Buch: A Second Collection

Titel: A Second Collection

Stichwort: Subjekt - objektive Wahrheit; veritas formaliter est in solo iudicio

Kurzinhalt: truth exists formally only in judgments ... What God reveals is a truth in the mind of God and in the minds of believers, but it is not a truth in the minds of nonbelievers

Textausschnitt: 69c In contemporary philosophy there is a great emphasis on the subject, and this emphasis may easily be traced to the influence of Hegel, Kierkegaard, Nietzsche, Heidegger, Buber.1 This fact, however, points to a previous period of neglect, and it may not be amiss to advert to the causes of such neglect, if only to make sure that they are no longer operative in our own thinking. (Fs)

70a A first cause, then, is the objectivity of truth. The criterion, I believe, by which we arrive at the truth is a virtually unconditioned.2 But an unconditioned has no conditions. A subject may be needed to arrive at truth, but, once truth is attained, one is beyond the subject and one has reached a realm that is non-spatial, atemporal, impersonal. Whatever is true at any time or place, can be contradicted only by falsity. No one can gainsay it, unless he is mistaken and errs. (Fs)

70b Such is the objectivity of truth. But do not be fascinated by it. Intentionally it is independent of the subject, but ontologically it resides only in the subject: veritas formaliter est in solo iudicio. Intentionally it goes completely beyond the subject, yet it does so only because ontologically the subject is capable of an intentional self-transcendence, of going beyond what he feels, what he imagines, what he thinks, what seems to him, to something utterly different, to what is so. Moreover, before the subject can attain the self-transcendence of truth, there is the slow and laborious process of conception, gestation, parturition. But teaching and learning, investigating, coming to understand, marshalling and weighing the evidence, these are not independent of the subject, of times and places, of psychological, social, historical conditions. The fruit of truth must grow and mature on the tree of the subject, before it can be plucked and placed in its absolute realm. (Fs)

71a It remains that one can be fascinated by the objectivity of truth, that one can so emphasize objective truth as to disregard or undermine the very conditions of its emergence and existence. In fact, if at the present time among Catholics there is discerned a widespread alienation from the dogmas of faith, this is not unconnected with a previous one-sidedness that so insisted on the objectivity of truth as to leave subjects and their needs out of account. (Fs)

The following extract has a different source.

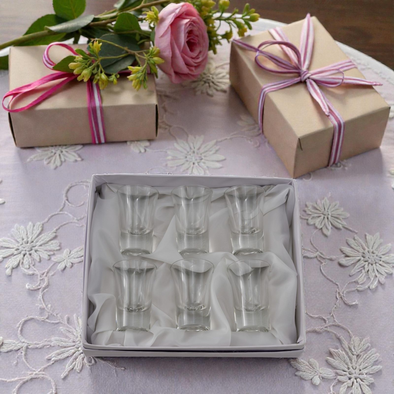 Optare per questo set non significa solo scegliere un oggetto decorativo, ma anche un modo per esprimere gratitudine e affetto verso i tuoi invitati. Ogni bicchiere racconta una storia di amore e amicizia, perfetto per chi cerca bomboniere economiche senza rinunciare a qualità e stile. Con il nostro set, ogni brindisi diventa un momento di celebrazione, un rituale da condividere con chi ami di più.
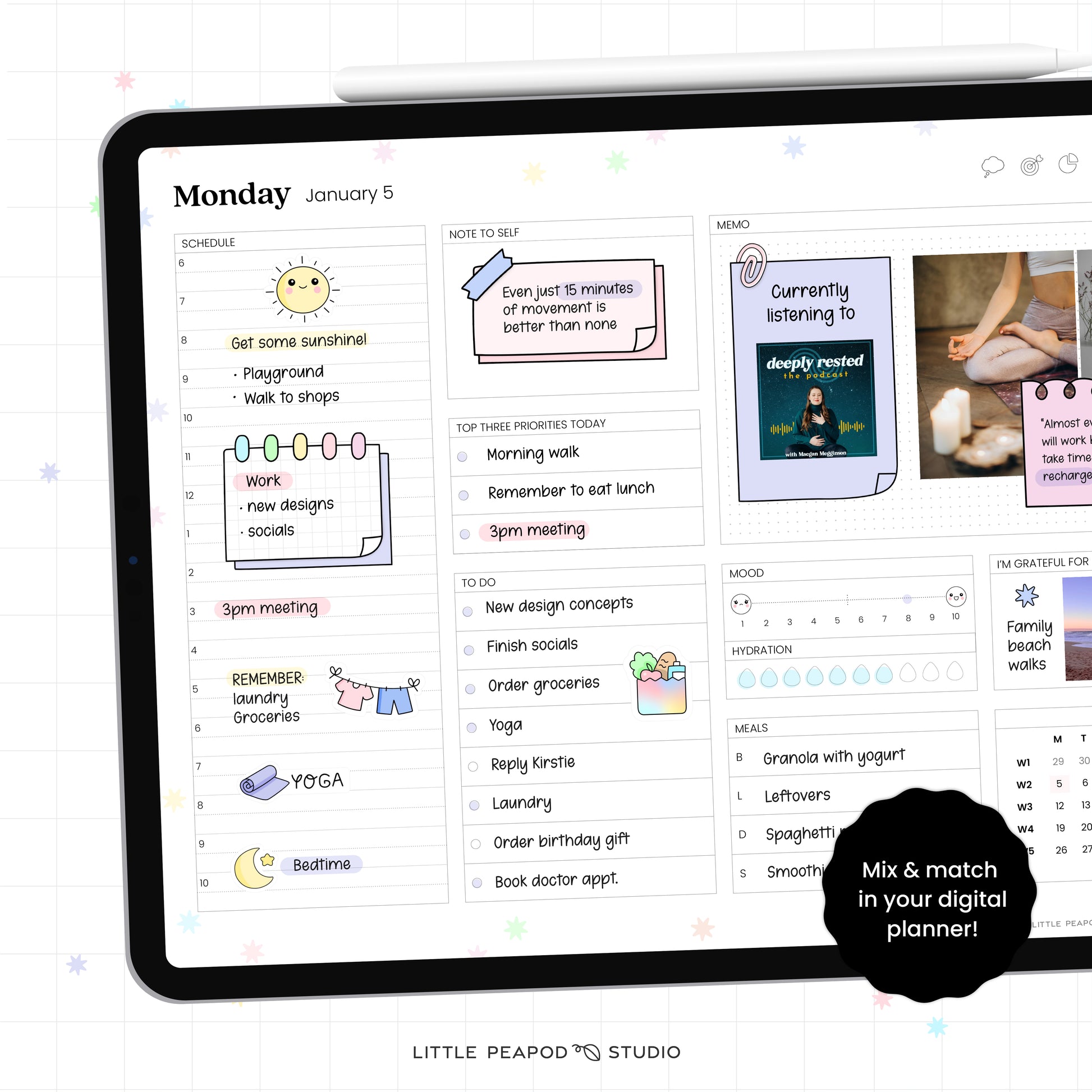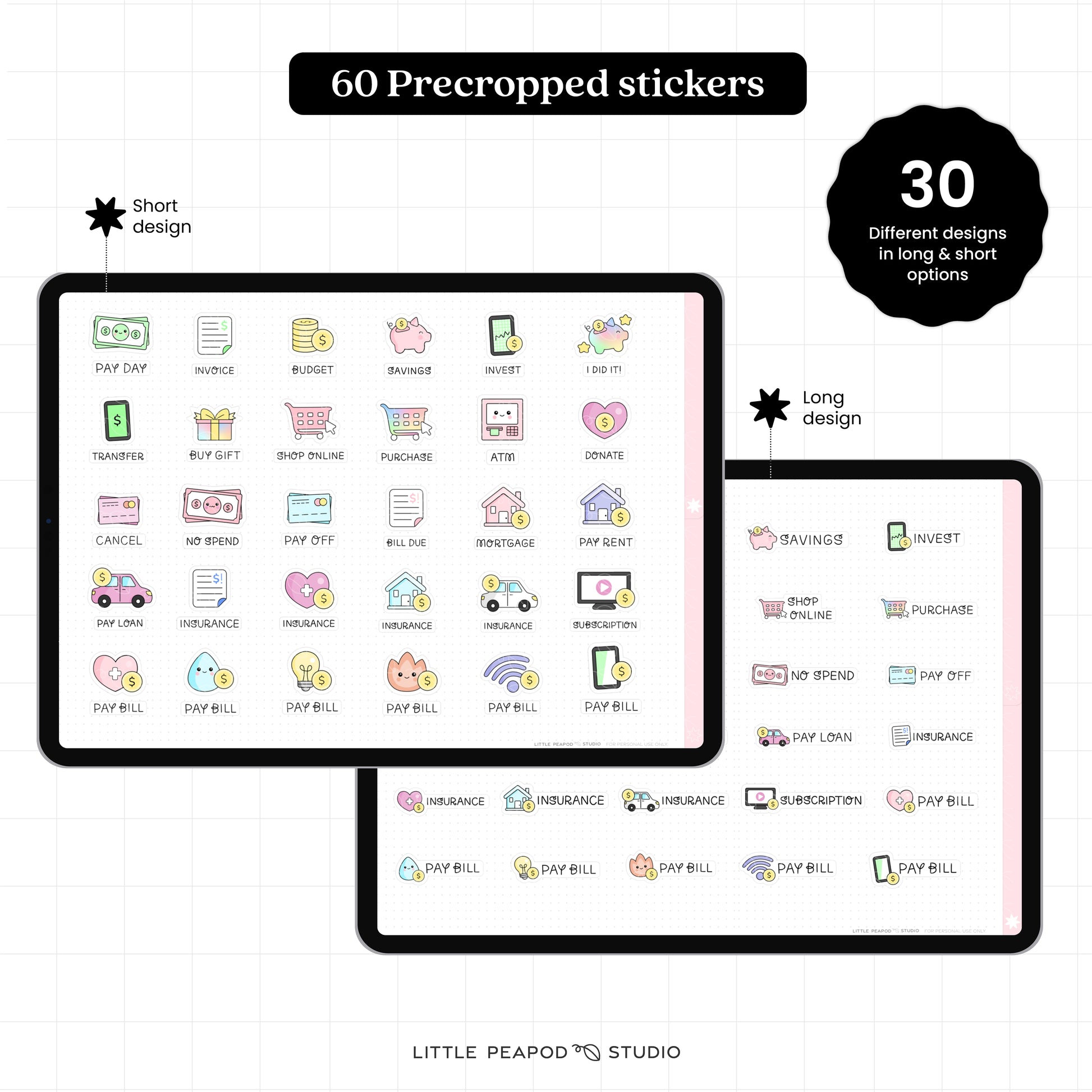 60 digital stickers pack for Goodnotes, Notability, Penly and other apps. Illustrations are hand drawn and thoughtfully organised making them perfect for everyday digital planning! Images and video show all the stickers included.

71b Symptomatic of such one-sidedness was the difficulty experienced by theologians from the days of Suarez, de Lugo, and Bañez, when confronted with the syllogism: What God has revealed is true. God has revealed the mysteries of faith. Therefore, the mysteries of faith are true.3 There is, perhaps, no need for me to explain - why this syllogism was embarrassing, for it implied that the mysteries of faith were demonstrable conclusions. But the point I wish to make is that the syllogism contains an unnoticed fallacy, and the fallacy turns on an exaggerated view of the objectivity of truth. If one recalls that truth exists formally only in judgments and that judgments exist only in the mind, then the fallacy is easily pinned down. What God reveals is a truth in the mind of God and in the minds of believers, but it is not a truth in the minds of nonbelievers; and to conclude that the mysteries of faith, are truths in the mind of God or in the minds of believers in no way suggests that the mysteries are demonstrable. But this simple way out seems to have been missed by the theologians. They seem to have thought of truth as so objective as to get along without minds. Nor does such thinking seem to have been confined to theoretical accounts of the act of faith. The same insistence on objective truth and the same neglect of its subjective conditions informed the old catechetics, which the new catechetics is replacing, and the old censorship, which insisted on true propositions and little understood the need to respect the dynamics of the advance toward truth. (Fs)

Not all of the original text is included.